I don't necessarily agree with the tying together of these two quotes. First of all, going back for a long time in aviation, it has been a known fact that pitot tubes can clog for various reasons. Starting with the A-300, Airbus addressed this fact along with explanations and what to expect should it occur:



Additionally, AF, Airbus, EASA and other regulatory agencies discussed the pitot issue during various meetings. EASA interviewed pilots that experienced pitot clogging resulting in UAS situation. The interviewed pilots responses varied from being ho-hum to a non-incident although they reported it as being unusual. Other pilots never reported Pitot/UAS incidents at all. This feedback lead to EASA not issuing an immediate change out of Thales for Goodrich pitots.

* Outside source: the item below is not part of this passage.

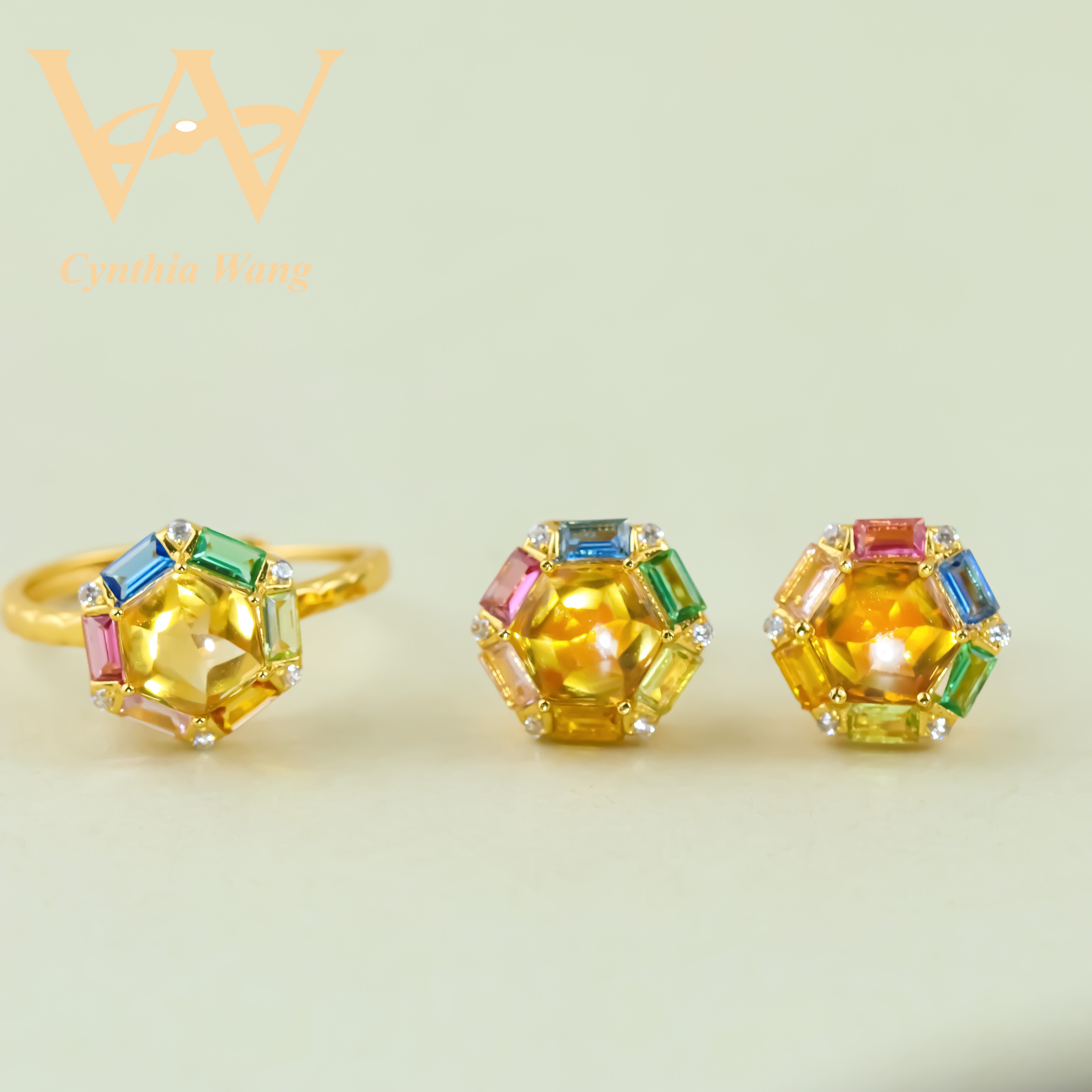 Indulge in the luxurious charm of our 'Magic Box' Citrine Ear Studs & Ring Jewelry Set. Inspired by the hope and power found in a hexagonal magic box, the colorful cubic zirconia surrounding the citrine stone exudes elegance and sophistication. Elevate your collection with this fashion-forward design.

Be Forewarned: The problem with pitots icing still exists, it can bite you at any time, there is no magical solution and there may not be in our lifetimes. And then too, the pitots themselves may not be entirely the problem. The location of the pitots in relationship to the airstream at their location could be a factor: Per Airbus, "Depending on the probe design and aircraft installation these installation effects can lead to the Liquid Water Content (LWC) at the probe location several times greater than the free-stream conditions." This could be true for ice crystals as well. Not much is actually known about ice crystal sizes, shapes, distributions and concentrations at high altitudes. Test chambers can only do so much without specific knowledge that would be variable at best, think snowflake differences. So now - the pilots:
Recognizing UAS can and will occur, every pilot receives some training regarding UAS and what to do should it happen. In the instance of AF, there was prior training and emphasis to the point of issuing every flight crew a handout notification of recent AF UAS occurrences and reminding them of what to do upon experience of UAS.
For all the the 30+crews and probably many, many more, it wasn't good luck, an indication of failure or an omen, it was a success due to good aviating.
Enough said....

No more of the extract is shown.